Когда Грифус вошел в комнату заключенного, то вместо того чтобы найти его, как в прошлые дни, угрюмо лежащим в постели, он застал его уже на ногах и напевающим какую-то оперную арию.
Грифус посмотрел на него исподлобья.
— Ну, что, — заметил Корнелиус, — как мы поживаем?
Грифус косо посмотрел на него.
— Ну, как поживают собака, господин Якоб и красавица Роза?
Грифус заскрежетал зубами.
— Вот ваш завтрак, — сказал он.
— Спасибо, друг Цербер, — сказал заключенный: — Он прибыл как раз вовремя, — я очень голоден.
— А, вы голодны?
— А почему бы и нет? — спросил ван Берле.
— Заговор как будто подвигается, — сказал Грифус.
— Какой заговор? — спросил Корнелиус.
— Ладно, мы знаем, в чем дело. Но мы будем следить, господин ученый, мы будем следить, будьте спокойны.
— Следите, дружище Грифус, следите, — сказал ван Берле, — мой заговор так же, как и моя персона, всецело к вашим услугам.
— Ничего, в полдень мы это выясним. Грифус ушел.

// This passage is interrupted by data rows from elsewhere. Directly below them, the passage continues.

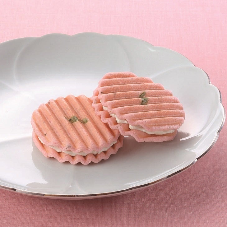 桜葉を練り込んだ歯ざわりの良い桜色の生地で、桜風味のクリームを挟みました。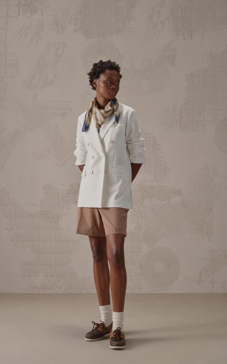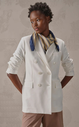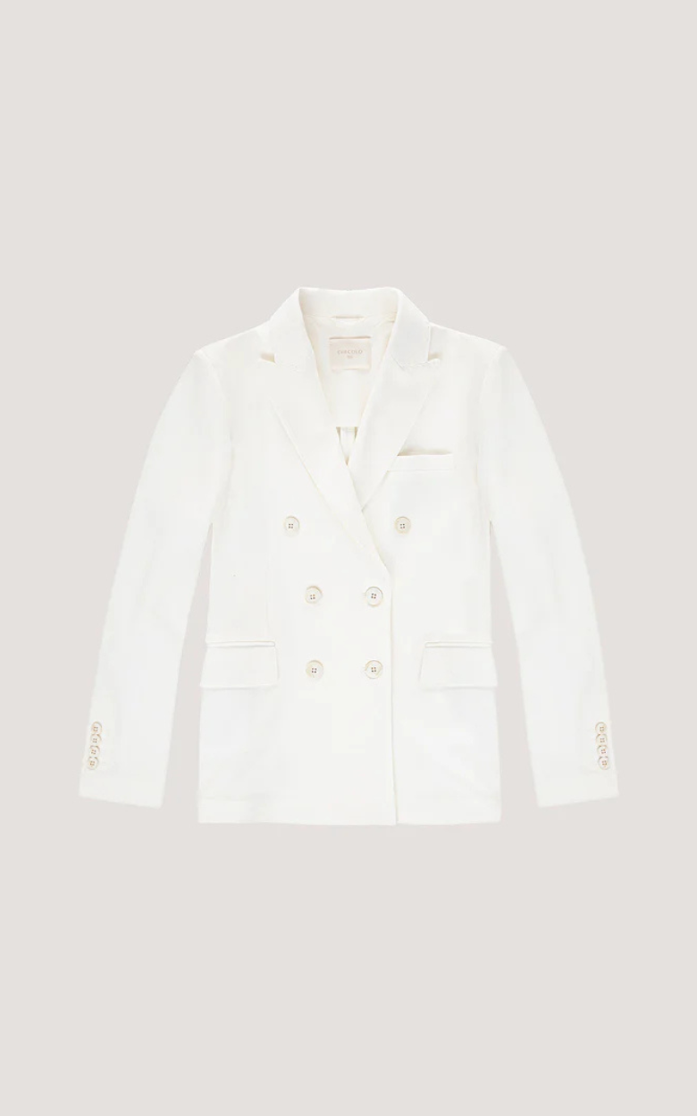 Dubbelknäppt kavaj från Circolo i lätt, plaggfärgad fleece som kombinerar klassisk skräddarsydd stil med komfort. Modellen har eleganta spetsiga slag, dekorativa sömmar och fyrknappsknäppning fram. Designen kompletteras med en bröstficka, två fickor med lock och en sprund bak, vilket säkerställer rörelsefrihet och en sofistikerad look.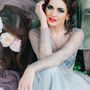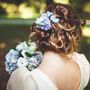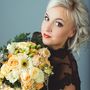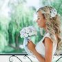 Букет Круглый букет Белый Эустома Голубой Гортензия Серый Бруния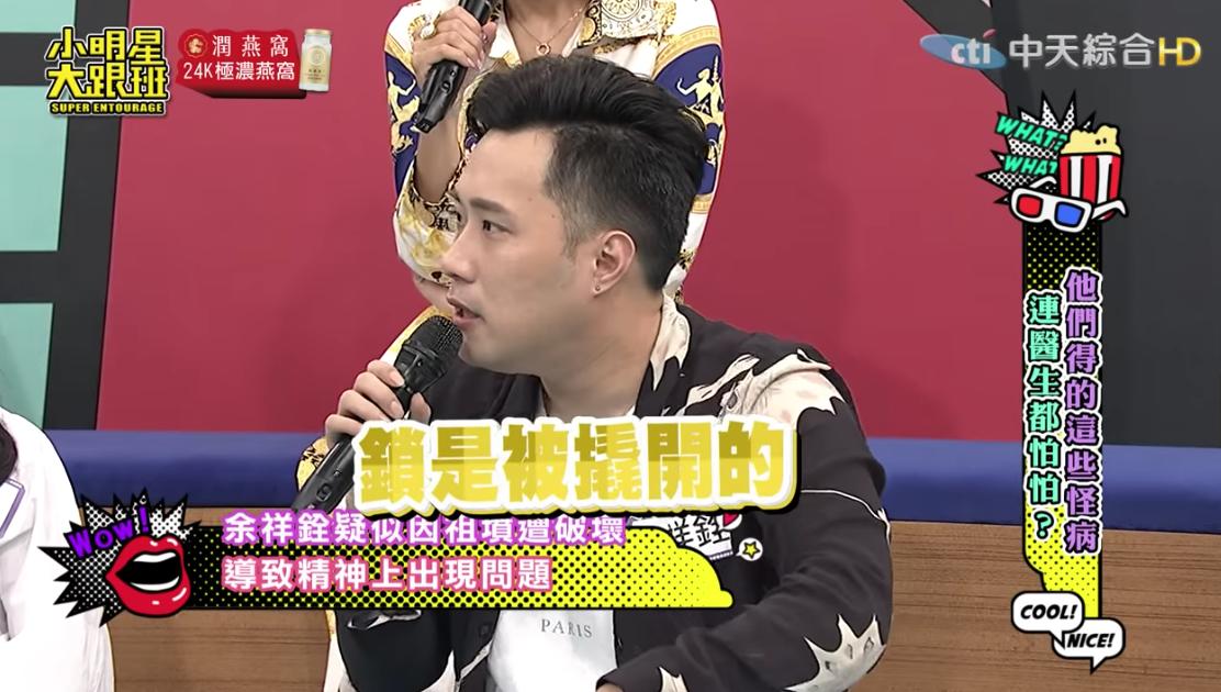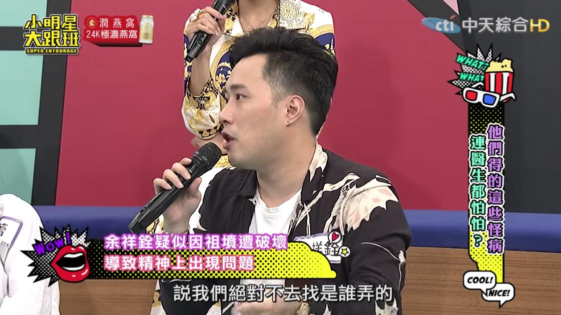 日前餘祥銓在節目《小明星大跟班》中又再次聊起這件事,表示他其實處於一個分不清現實與夢境的狀態,「一直在做惡夢,很像一個黑洞很可怕,每天只清醒2小時。」而當時爸媽為了他,把所有「師字輩」的專家都請到了家裡,包括醫師、法師、牧師等。但他一知道法師要進門時,就會跳起來指著三樓供奉祖先的地方,狂飆三字經,就好像有話要傳達一樣。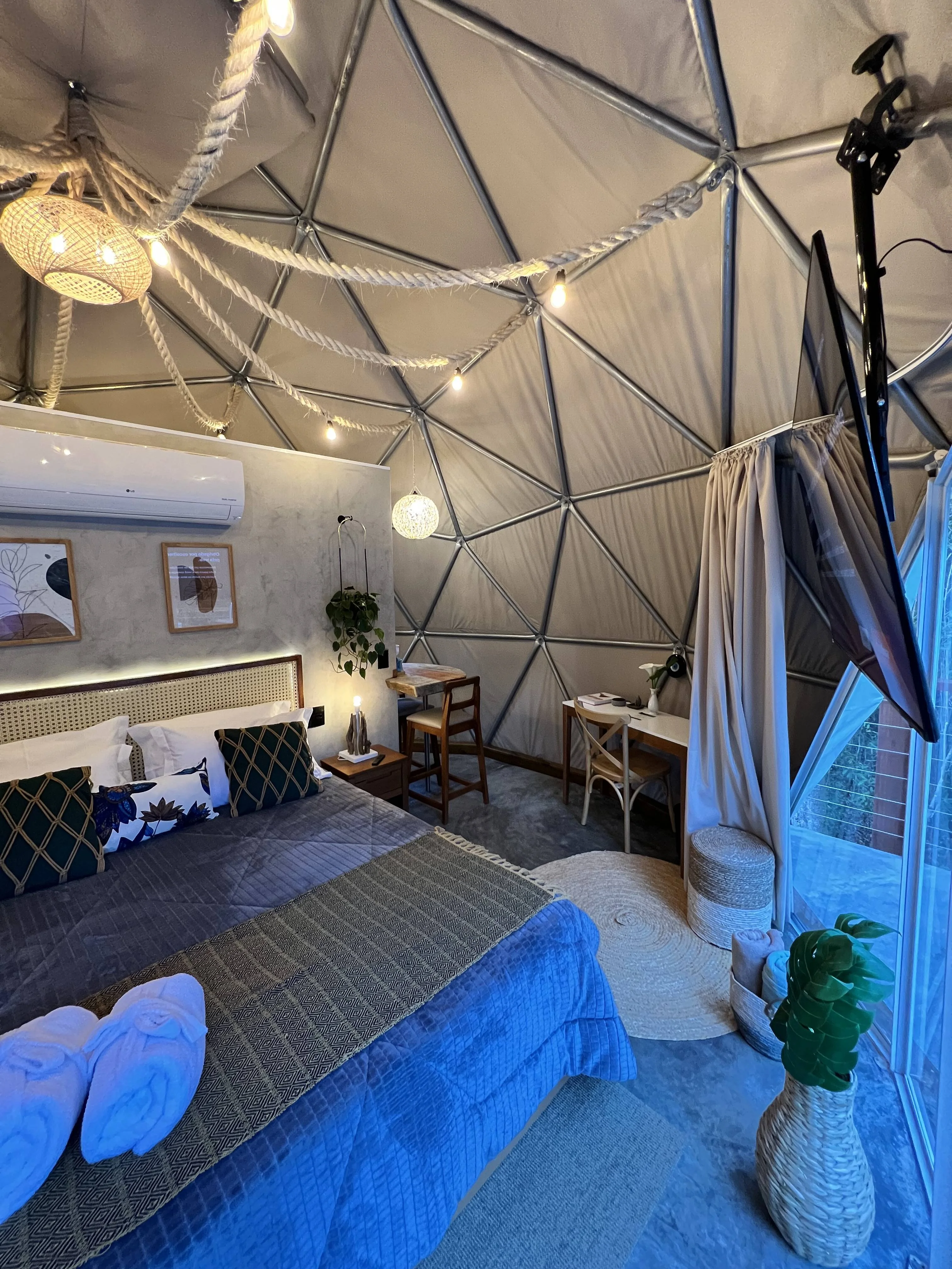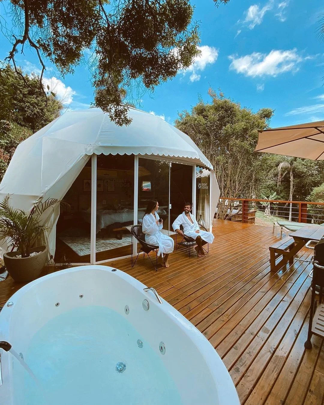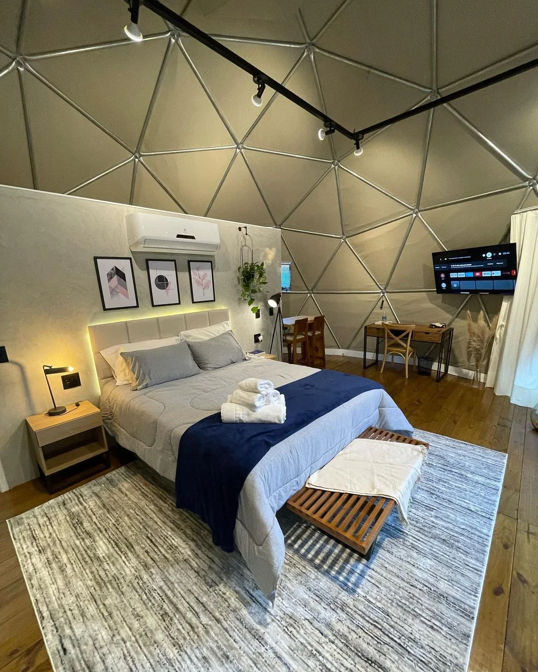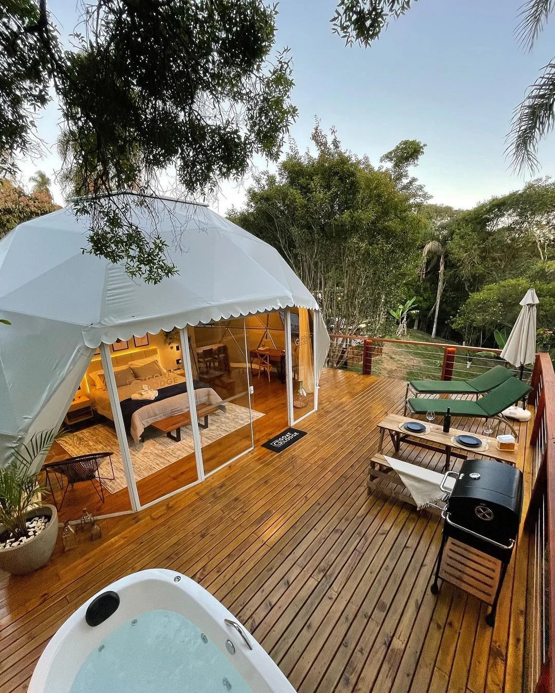 O LOFT São José proporciona uma experiência luxuosa e privativa em meio à natureza, oferecendo conforto e exclusividade em um ambiente único. Com 40 m² e totalmente envidraçado, o loft está localizado em uma área cercada, com entrada segura através de sistema digital. Construído sobre um deck de madeira rodeado pela mata, o local inclui um lago privativo, criando um ambiente perfeito para relaxamento. O espaço conta com uma cama Queen Size com pillow top, smart TV na área externa, projetor de 100”, Amazon Alexa, som Bluetooth, além de roupas de cama e banho de qualidade. A internet de alta velocidade e o ar-condicionado quente e frio garantem o conforto em todas as estações. A lareira interna a lenha, banheira de imersão interna e o chuveiro com água quente proporcionam momentos de aconchego. A cozinha completa, com máquina de café Nespresso e máquina de gelo, oferece praticidade para quem deseja preparar suas refeições. Na área externa, o loft conta com uma banheira de hidromassagem aquecida com cromoterapia, lareira a álcool, churrasqueira a gás, sauna úmida transparente e espreguiçadeiras para aproveitar o ambiente ao máximo. O gazebo com redário, a área externa coberta com pia e mesa, e o estacionamento ao lado do loft, completam a estrutura do local. Além disso, o espaço é pet friendly, tornando-o ainda mais acolhedor para todos.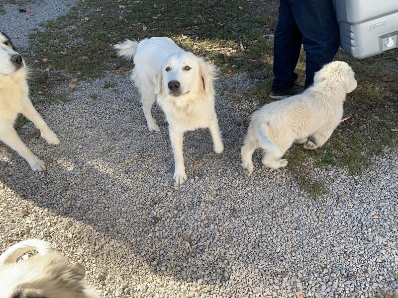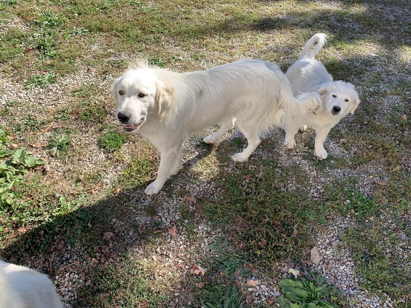 message farmer1954 about this ad One 9.5 month old male. He is not a pure Great Pyrenees; he probably has a little Australian Shepard in him. That means he'll be smarter and will probably live longer than a purebred. He has dewclaws. The mom is 11 years old and she is one of the best dogs we've had on the farm. The dad is the Champion of watch dogs; he sits in the driveway and protects us from squirrels and other terrorists. He's the big dog with the dark ears in the photo. |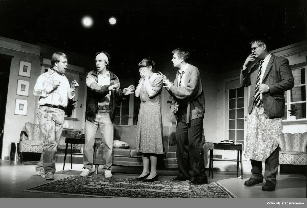 Teaterföreställning i Nya Teaterhuset, okänt årtal. Fem personer agerar på scenen i ett "vardagsrum". Andra person från vänster är Per Andersson.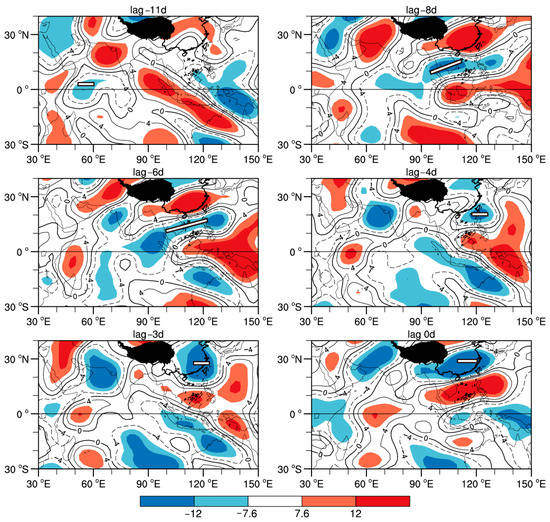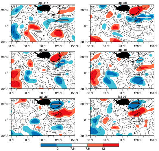 As demonstrated in Figure 8, from −11 to −6 days, the abnormally active LF convective signal in flood years first appears in Somalia and the equatorial Indian Ocean to the east (−11 days). Over time (−8 to −6 days), the convective signal develops and propagates from south of the Indian Peninsula to the Philippine Islands via the Indochina Peninsula along the southwest-northeast direction, and then enters southern China on −4 days. From −3 to 0 days, the LF convective signal moves northward to cover southern China and stays there continuously, leading to the occurrence of heavy LF precipitation.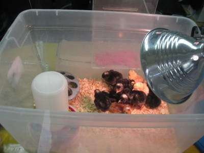 By the beginning of the second week, the eggs were hatching and the cute little brown and golden chicks came to life and were placed in a brooder box.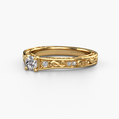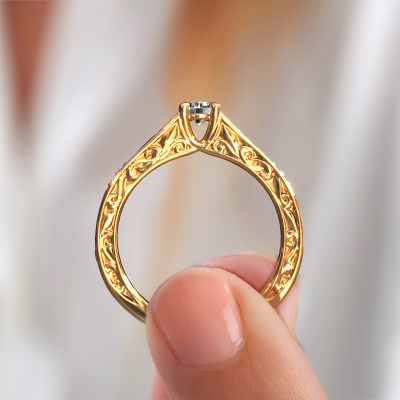 The ring shown above is called the Mallory rnd. We call this type of ring a pavé solitaire ring because it has one centre gemstone and a band that is also pave set with gemstones. This engagement ring is made in 14 Carat gold set with a 0.25 crt round diamond, and pave set lab-grown diamonds at the sides. Each piece of jewellery is made just for you by our master goldsmiths in our own studio.This vintage gold pavé solitaire engagement ring has an exquisite round diamond centre stone. To further accentuate the centre stone, the band is set full with more lab-grown diamonds. Its open prong setting allows light to strike the diamond from various angles and this adds sparkle to your diamond ring. The photo shown above depicts the goldsmith's carefully handcrafted details of the ring. The high positioning of the centre stone is truly eye-catching. The perfect engagement ring for the crown jewel of your life!Because we design and deliver our own rings, we can offer you a engagement ring at a price you won't find anywhere else. A ring is made to order, which helps prevent excess supplies, so we can make you a great price offer. We understand it feels risky, buying your engagement ring online, but we will gladly assist in the designing process, taking your budget into consideration.Different styles of new rings are made daily by our team. Perhaps you have found a pavé solitaire engagement ring somewhere. One you would like to give to your loved one. Please feel free to share your thoughts and design with our jewel designers. We would love to turn your design into a vintage engagement ring. You can follow the development of your ring design because we use very detailed 3D drawings. On top of that, you can order a dummy of the design. A dummy is a plastic ring, which can be shaped according your ring design. You can try it on and check if the engagement ring is up to standard. We will gladly send you a non-binding offer, based on a fair price/ quality ratio. The offer will baffle you, considering the quality of the ring and gemstones.To make it easier for you, we offer a 30 day return policy. Check our terms and conditions.

— “В полдень”, — повторил Корнелиус, — что он этим хотел сказать? Ну что же, подождем полудня; в полдень увидим.
Корнелиусу не трудно было дождаться полудня, — ведь он ждал девяти часов вечера.
Пробило двенадцать часов дня, и на лестнице послышались не только шаги Грифуса, но также и шаги трех — четырех солдат, поднимавшихся с ним.
Дверь раскрылась, вошел Грифус, пропустил людей в камеру и запер за ними дверь.
— Вот теперь начинайте обыск.
Они искали в карманах Корнелиуса, искали между камзолом и жилетом, между жилетом и рубашкой, между рубашкой и его телом, — ничего не нашли.
Искали в простынях, искали в тюфяке, — ничего не нашли.
Корнелиус был очень рад, что не согласился в свое время оставить у себя третью луковичку. Как бы она ни была хорошо спрятана, Грифус при этом обыске, без сомнения, нашел бы ее и поступил бы с ней так же, как и с первой. Впрочем, никогда еще ни один заключенный не присутствовал с более спокойным видом при обыске своего помещения.
Грифус ушел с карандашом и тремя или четырьмя листками бумаги, которые Роза дала Корнелиусу. Это были его единственные трофеи.
В шесть часов Грифус вернулся, но уже один. Корнелиус хотел смягчить его, но Грифус заворчал, оскалив клык, который торчал у него в углу рта, и, пятясь, словно боясь, что на него нападут, вышел.
Корнелиус рассмеялся.
Грифус крикнул ему сквозь решетку:
— Ладно, ладно, смеется тот, кто смеется последним.
Последним должен был смеяться, по крайней мере, сегодня вечером, Корнелиус, так как ждал Розу.
В девять часов пришла Роза, но Роза пришла на этот раз без фонаря. Розе больше не нужен был фонарь: она уже умела читать.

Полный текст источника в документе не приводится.